Consider that from Jan. 20, 2001, to Jan. 20, 2009, the debt held by the public grew $3 trillion under Mr. Bush—to $6.3 trillion from $3.3 trillion at a time when the national economy grew as well. By comparison, from the day Mr. Obama took office last year to the end of the current fiscal year, according to the Office of Management and Budget, the debt held by the public will grow by $3.3 trillion. In 20 months, Mr. Obama will add as much debt as Mr. Bush ran up in eight years. …Mr. Bush’s deficits ran an average of 3.2% of GDP, slightly above the post World War II average of 2.7%. Mr. Obama’s plan calls for deficits that will average 4.2% over the next decade.

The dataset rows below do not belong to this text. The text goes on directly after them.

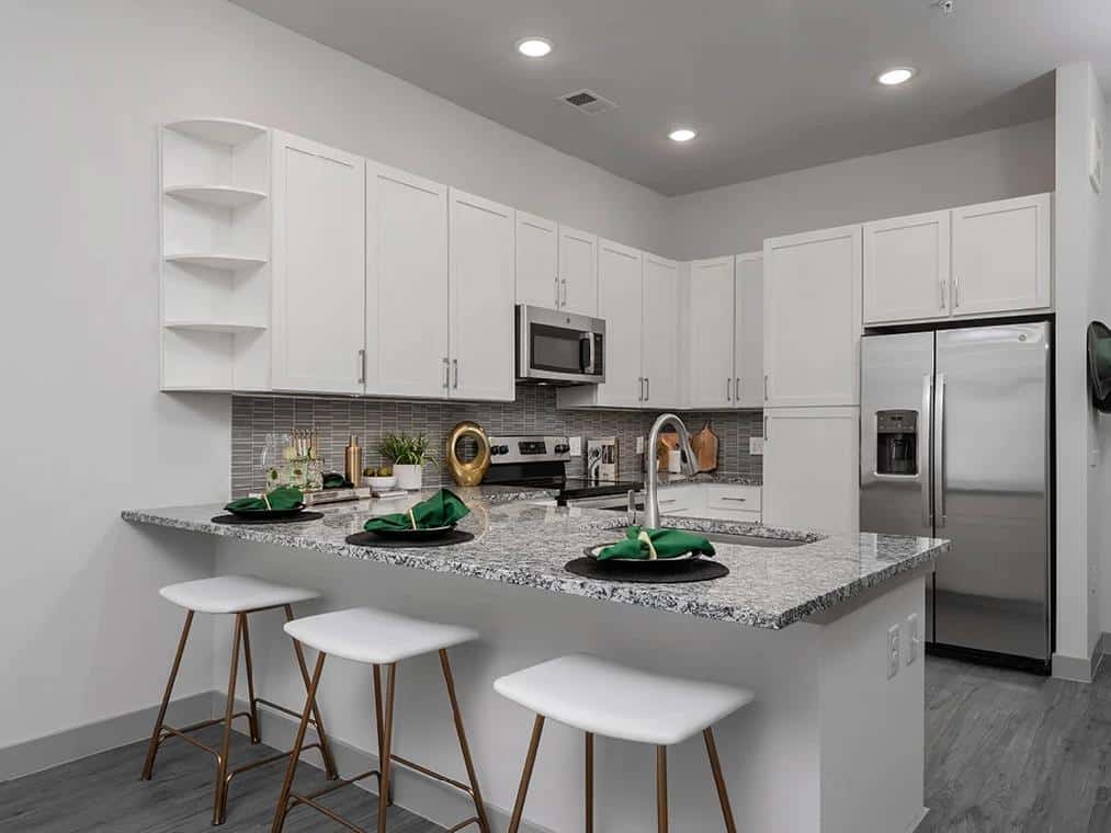 Stepping into our one and two-bedroom homes, you’re greeted with an atmosphere of sophistication. Expansive floor plans, complemented by 10-foot ceilings and private patios or balconies, serve as the ideal canvas for your life. At the heart of each home, kitchens adorned with custom shaker-style cabinets, gleaming tile backsplashes, large islands, and cozy breakfast nooks stand ready for culinary masterpieces.
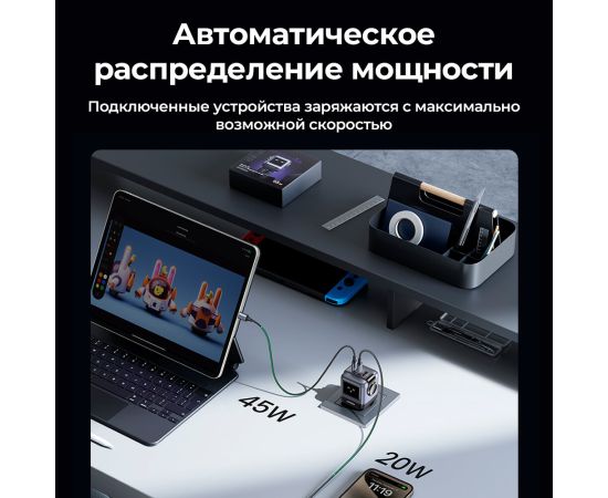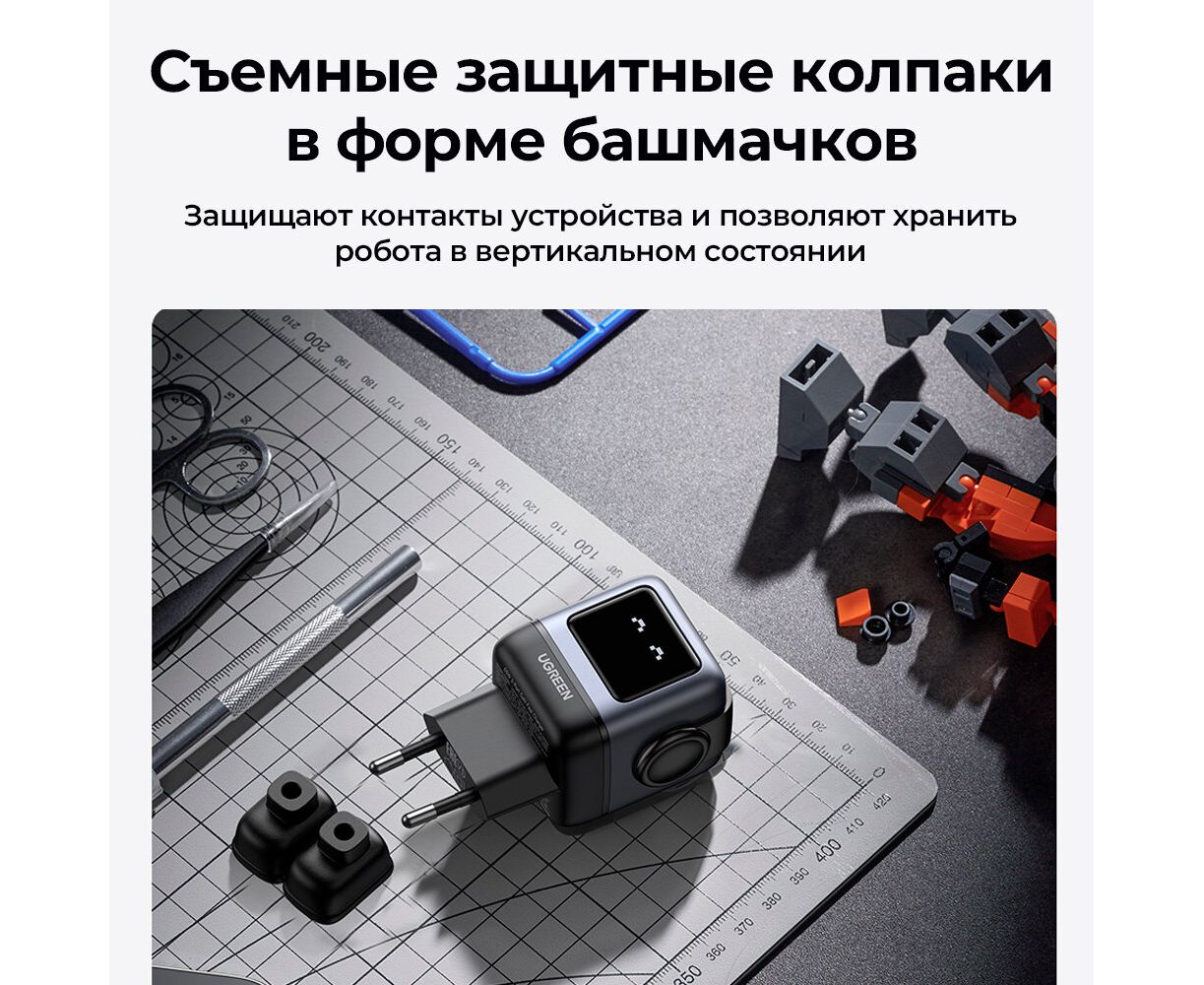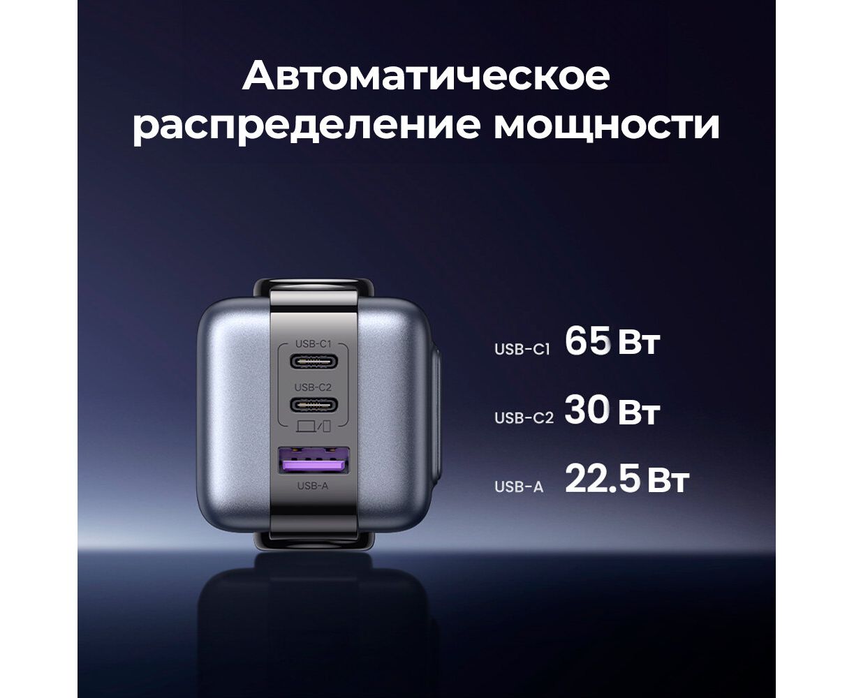 СЗУ UGREEN CD361 (25685B) USB-A+2*USB-C 65W Nexode Robot GaN Tech Fast Charger Gray
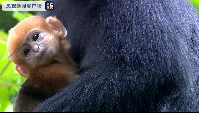 黑叶猴“猴宝宝”出生头6个月,全身呈金黄色。随着慢慢成长,绒毛逐渐变黑。最近只要天气晴朗,母黑叶猴就会抱着猴宝宝来到树上觅食,啃食嫩绿的枝叶。
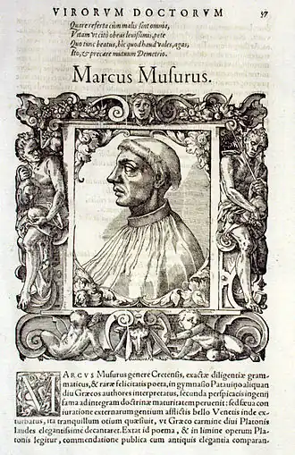 Маркос Мусурос (греч. Μάρκος Μουσοῦρος; итал. Marco Musuro; Ретимнон, Королевство Кандия, около 1470 — Рим, 1517)[6] — греческий учёный, издатель и один из самых значительных филологов Возрождения.
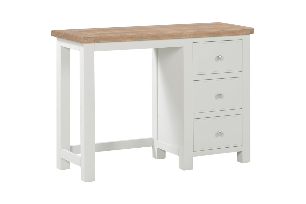 Cette coiffeuse entièrement assemblée constitue également un bureau compact idéal pour le télétravail. Elle est dotée de trois tiroirs pratiques et d'une ouverture pour un tabouret (également disponible) ou une chaise. Un miroir sur pied est également disponible. Le plateau en chêne clair naturel présente des angles arrondis, complétés par les bords incurvés qui courent le long du bord avant du corps peint. Elle est également équipée de petits boutons ronds en chrome brossé et de poignées coupelles pour un look original. (Veuillez noter que ces poignées coupelles ne peuvent être installées qu'une seule fois sur le meuble, car elles sont munies de goujons de fixation à l'arrière de la plaque de fixation.)
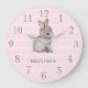 Pink Grey Bunny Baby Boy Nursery Decor Wall Clock
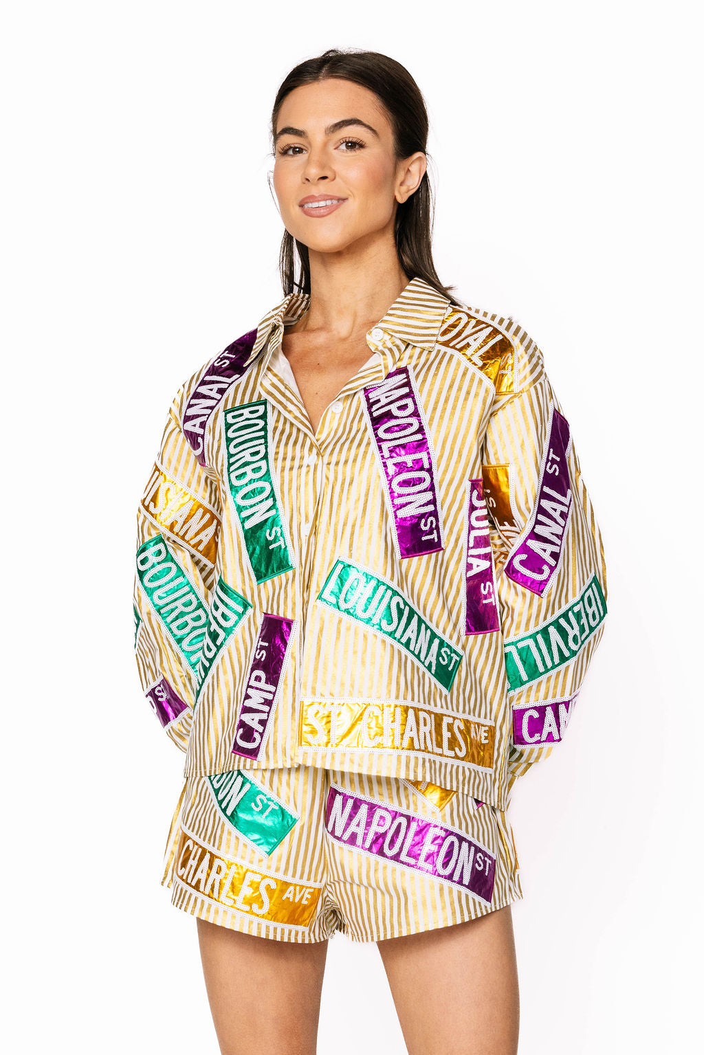 Strut down the street in this show-stopping button-up featuring bold gold and white stripes paired with vibrant New Orleans street sign graphics. Perfect for channeling that Big Easy energy with serious style points. Mix and match with our coordinating shorts to complete your head-to-toe sparkle moment. Whether you're hitting the town or making a statement, this metallic-trimmed top brings the fun and the flair.
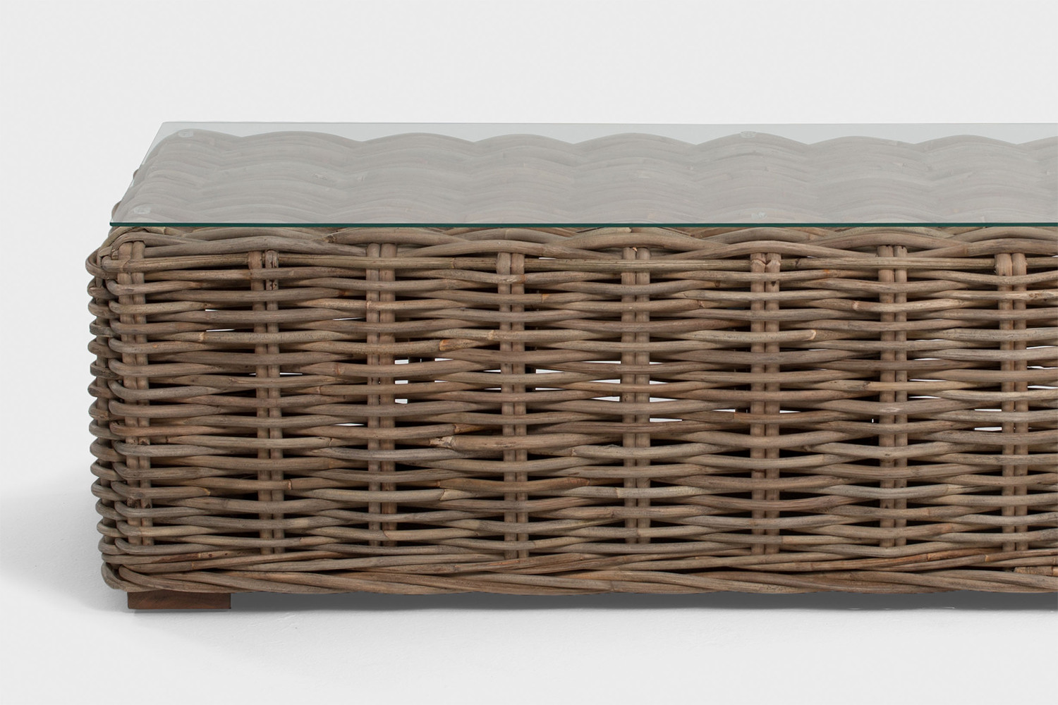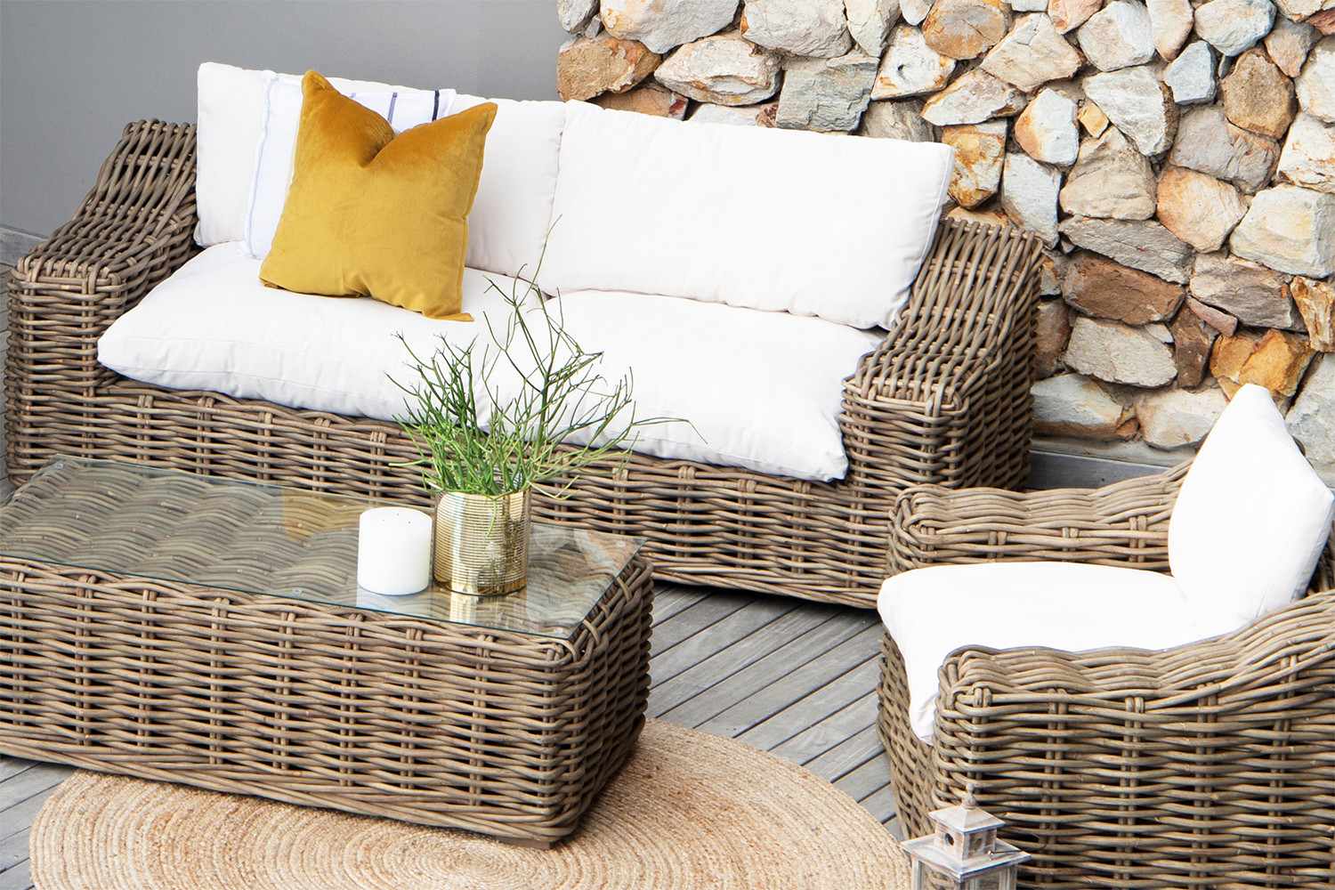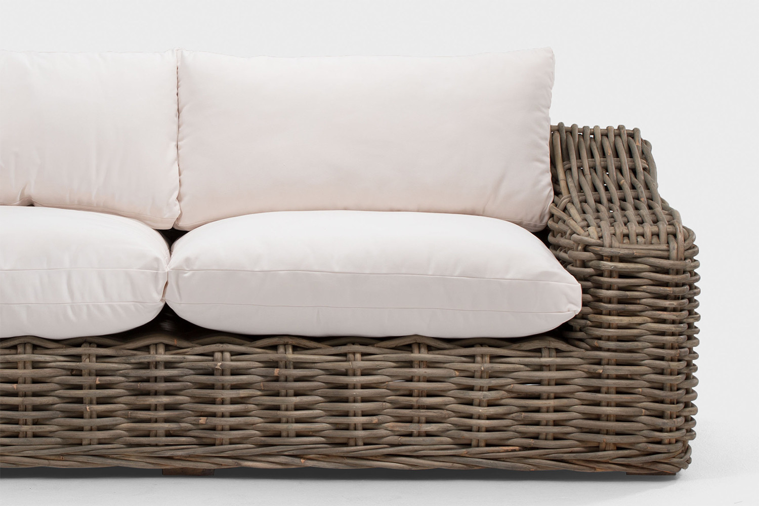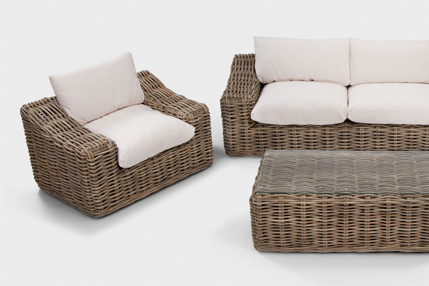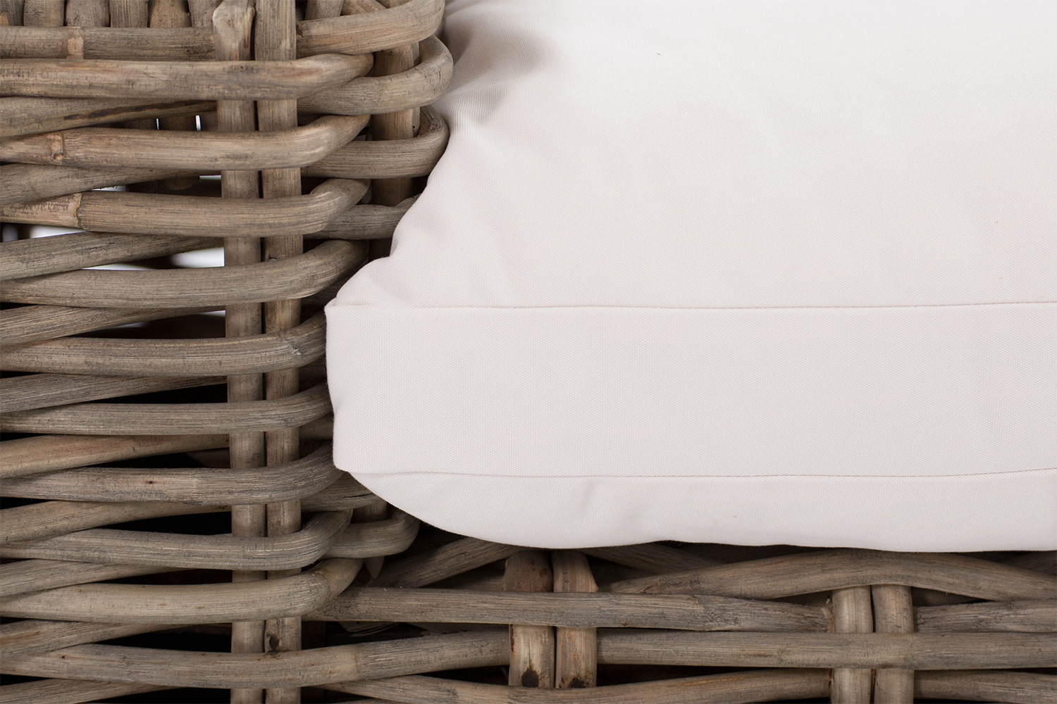 Woven with full CL rattan, complemented by plush champagne toned cushions, this set boasts a relaxed and natural look that will blend beautifully with any contemporary space, adding luxurious comfort and ample space to entertain your guests.
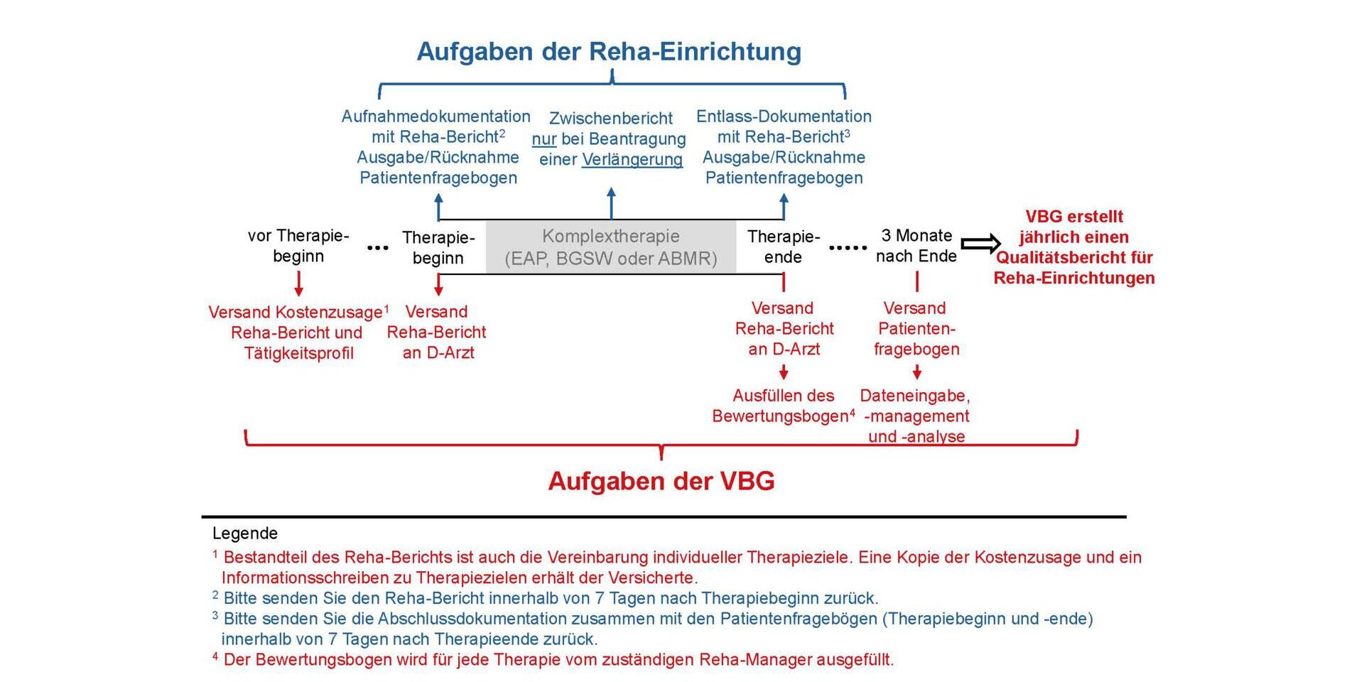 Bei der Entwicklung der VQA wurde besonders darauf geachtet, dass der zusätzliche Aufwand für die Leistungserbringer so gering wie möglich ist. Der Ablauf der Datenerfassung und die hierzu notwendigen Dokumente sind in der folgenden Abbildung dargestellt. Die Aufgaben der Reha-Einrichtung sind in „blau“ und die Aufgaben der VBG in „rot“ dargestellt. Die Legende enthält Informationen zum Inhalt der Dokumente sowie zu den Rücksendefristen an die VBG.

Team Obama has been on history’s biggest spending spree, which has included a $787 billion stimulus, a $30 billion expansion of a child health-care program, and a $410 billion federal spending bill that increased nondefense discretionary spending 10% for the last half of fiscal year 2009. Mr. Obama also hiked nondefense discretionary spending another 12% for fiscal year 2010.

Correction: In an earlier post on one of Rove’s columns, I incorrectly claimed that Bush never vetoed a bill because it spent too much.That was wrong. He did veto a handful of bills once Democrats took control of Congress.